We will now examine how the deltaF508 mutation impacts the resulting amino acid sequence of the encoded protein.  Here is the sequence of the CFTR gene fragment:

In [7]:
cftr_gene_fragment = ("ACTTCACTTCTAATGGTGATTATGGGAGAACTGGAGCCTTCAGAGGGTAA"
                      "AATTAAGCACAGTGGAAGAATTTCATTCTGTTCTCAGTTTTCCTGGATTA"
                      "TGCCTGGCACCATTAAAGAAAATATCATCTTTGGTGTTTCCTATGATGAA"
                      "TATAGATACAGAAGCGTCATCAAAGCATGCCAACTAGAAGAG")
print(cftr_gene_fragment)
print(translate(transcribe(cftr_gene_fragment)))

ACTTCACTTCTAATGGTGATTATGGGAGAACTGGAGCCTTCAGAGGGTAAAATTAAGCACAGTGGAAGAATTTCATTCTGTTCTCAGTTTTCCTGGATTATGCCTGGCACCATTAAAGAAAATATCATCTTTGGTGTTTCCTATGATGAATATAGATACAGAAGCGTCATCAAAGCATGCCAACTAGAAGAG
*SEDYH*YPLDLGSLPF*FVSPS*SKURVKRU*YGPW*FLL**KPQRILLISMSSQ*FRUVDLL


And here is the sequence of the mutated CFTR gene fragment, which has bases 129, 130, and 131 (1-based coordinates) removed:

In [8]:
deltaf508_fragment = cftr_gene_fragment[:128] + cftr_gene_fragment[131:]
print(deltaf508_fragment)
print(translate(transcribe(deltaf508_fragment)))

ACTTCACTTCTAATGGTGATTATGGGAGAACTGGAGCCTTCAGAGGGTAAAATTAAGCACAGTGGAAGAATTTCATTCTGTTCTCAGTTTTCCTGGATTATGCCTGGCACCATTAAAGAAAATATCATTGGTGTTTCCTATGATGAATATAGATACAGAAGCGTCATCAAAGCATGCCAACTAGAAGAG
*SEDYH*YPLDLGSLPF*FVSPS*SKURVKRU*YGPW*FLL**PQRILLISMSSQ*FRUVDLL


What are the consequences of this mutation on the protein sequence of this gene?
Keep in mind that the first three bases of the fragment are a codon.  **Note that it's possible to answer this simply by considering the coordinates of the mutation and the number of bases removed by the mutation**.  You can then verify your answer using your translation function.

Mutation can cause many issue.
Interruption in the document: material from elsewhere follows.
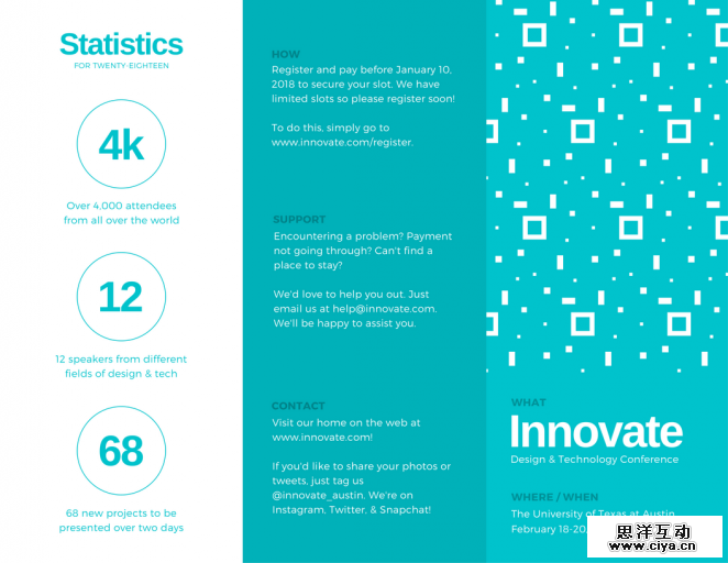 你的三折页并不一定都需要小或者整齐的文字,通过使用超大的设计元素形成对比,比如上图中的大数字,与常规尺寸的文字形成很大发差。

In this case it was the deletion of a K and caused everything after the mutation to shift. This can cause major changes to the protein structure. This one is unique in that it deletes a whole codon and does not cause a frame shift. If single point deletion occurs you can get frame shift that can lead to complete changes in the protein structure after the mutation point because the ribosome reads every 3 base pairs at a time.